DataLad provides generic solutions to these issues, while DVC is tuned for machine-learning pipelines.
Despite their similar purpose, the looks, feels and functions of both tools are different, and its a personal decision which one you feel more comfortable with.
Using DVC requires solid knowledge of Git, because DVC workflows heavily rely on effective Git practices, such as branching, tags, and .gitignore
files.
But despite the reliance on Git, DVC barely integrates with Git – changes done to files in DVC can not be detected by Git and vice versa, DVC and Git aspects of a repository have to be handled in parallel by the user, and DVC and Git have distinct command functions and concepts that nevertheless share the same name.
Thus, DVC users need to master Git and DVC workflows and intertwine them correctly.
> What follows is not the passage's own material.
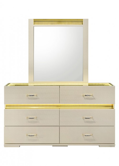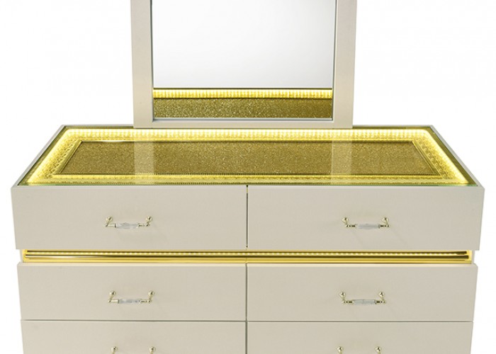 The Lucida Dresser features gold shimmer accents and a crocodile-textured finish that adds visual interest while complementing the plush Lucida Bed. Felt-lined top drawers protect delicate items, while spacious lower drawers provide ample storage for clothing or accessories. Smooth metal side glides ensure effortless operation every day.

In return, DVC provides users with workflow management and reporting tuned to machine learning analyses. It also provides a somewhat more lightweight and uniform across operating and file systems approach to “data version control” than git-annex used by DataLad.
Footnotes
- 1
Instructions on forking and cloning the repo are in the README of the repository: github.com/realpython/data-version-control.
- 2
The two procedures provide the dataset with useful structures and configurations for its purpose:
yoda
creates a dataset structure with acode
directory and makes sure that everything kept incode
will be committed to Git (thus allowing for direct sharing of code).text2git
makes sure that any other text file in the dataset will be stored in Git as well. The sections Data safety and The YODA procedure explain the two configurations in detail.- 3
To re-read about how git-annex handles versioning of (large) files, go back to section Data integrity.
- 4
You can read more about
.gitignore
files in the section How to hide content from DataLad- 5
If you are curious about why data is duplicated in a cache or why the paths to the data are placed into a
.gitignore
file, this section in the DVC tutorial has more insights on the internals of this process.- 6
The sections Populate a dataset and Modify content introduce the concepts of saving and modifying files in DataLad datasets.
- 7(1,2)
A similar procedure for sharing data on a local file system for DataLad is shown in the chapter Looking without touching.
- 8
In DataLad datasets, data duplication is usually avoided as git-annex uses symlinks. Only on file systems that lack support for symlinks or for removing write permissions from files (so called “crippled file systems” such as
/sdcard
on Android, FAT or NTFS) git-annex needs to duplicate data.- 9
yet.
- 10(1,2)
To re-read about datalad run and datalad rerun, checkout chapter DataLad, Run!.
- 11
To re-read about joining code, execution, data, results and software environment in a re-executable record with datalad container-run, checkout section Computational reproducibility with software containers.